What you have to do
Beginning at the line that contains "Метод определения содержания" and finishing at the line that contains "More information about", output the data below exactly. Include both end lines and no pictures.

Information provided
* * * * * * * * *
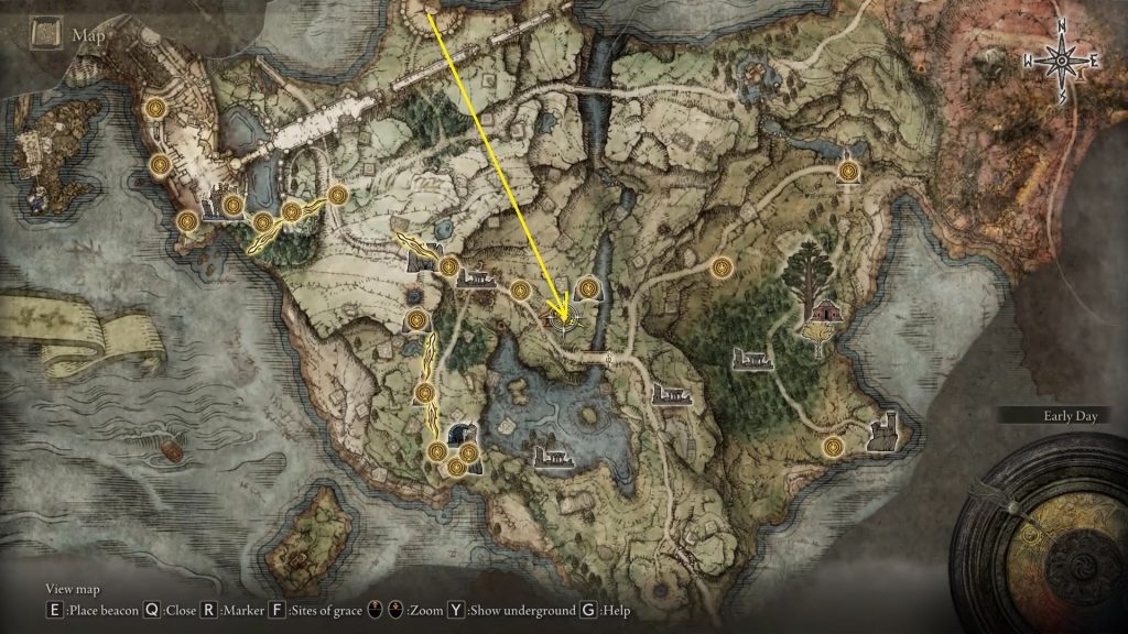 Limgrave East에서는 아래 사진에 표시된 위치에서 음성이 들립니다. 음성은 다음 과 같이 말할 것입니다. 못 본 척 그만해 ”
* * * * * * * * *
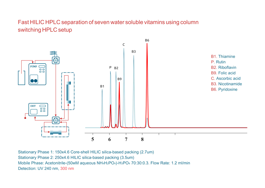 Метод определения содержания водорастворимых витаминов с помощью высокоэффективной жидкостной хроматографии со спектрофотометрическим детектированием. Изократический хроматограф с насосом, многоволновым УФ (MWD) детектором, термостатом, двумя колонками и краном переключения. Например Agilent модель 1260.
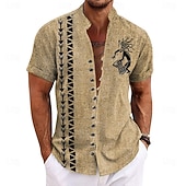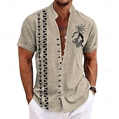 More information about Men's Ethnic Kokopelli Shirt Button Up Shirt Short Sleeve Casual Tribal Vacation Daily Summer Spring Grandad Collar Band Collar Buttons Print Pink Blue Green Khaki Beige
* * * * * * * * *
Response area
 Метод определения содержания водорастворимых витаминов с помощью высокоэффективной жидкостной хроматографии со спектрофотометрическим детектированием. Изократический хроматограф с насосом, многоволновым УФ (MWD) детектором, термостатом, двумя колонками и краном переключения. Например Agilent модель 1260.
 More information about Men's Ethnic Kokopelli Shirt Button Up Shirt Short Sleeve Casual Tribal Vacation Daily Summer Spring Grandad Collar Band Collar Buttons Print Pink Blue Green Khaki Beige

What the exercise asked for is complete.